AIM OF THE EXERCISE: An exact transcription of all the data is required; the pictures are to be left out.
··· GIVEN MATERIAL
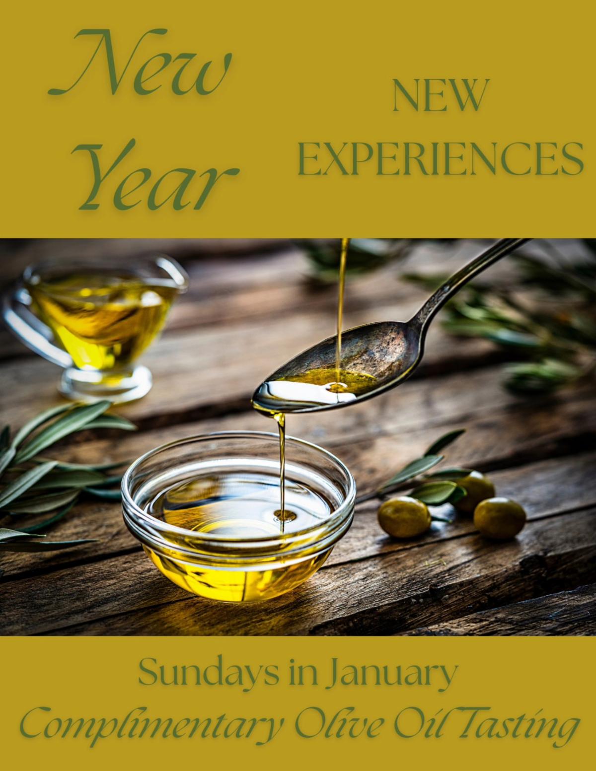 Estate Olive Oil Tasting and Information on the Health Benefits of Olive Oil. Every Sunday in January during Tasting Room hours. Complimentary
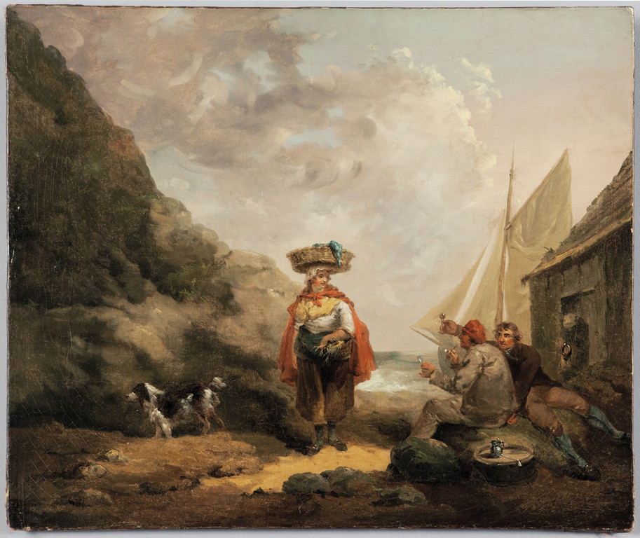 Scuola inglese fine sec.XVIII 'Pescivendola con pescatori' olio
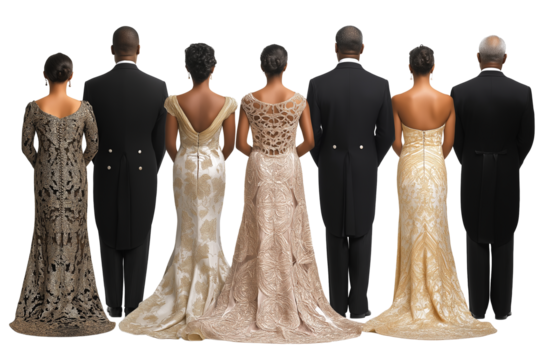 A diverse group of business professionals, men and women, standing in a line against a transparent background
······
EXPECTED OUTPUT:
 Estate Olive Oil Tasting and Information on the Health Benefits of Olive Oil. Every Sunday in January during Tasting Room hours. Complimentary
 Scuola inglese fine sec.XVIII 'Pescivendola con pescatori' olio
 A diverse group of business professionals, men and women, standing in a line against a transparent background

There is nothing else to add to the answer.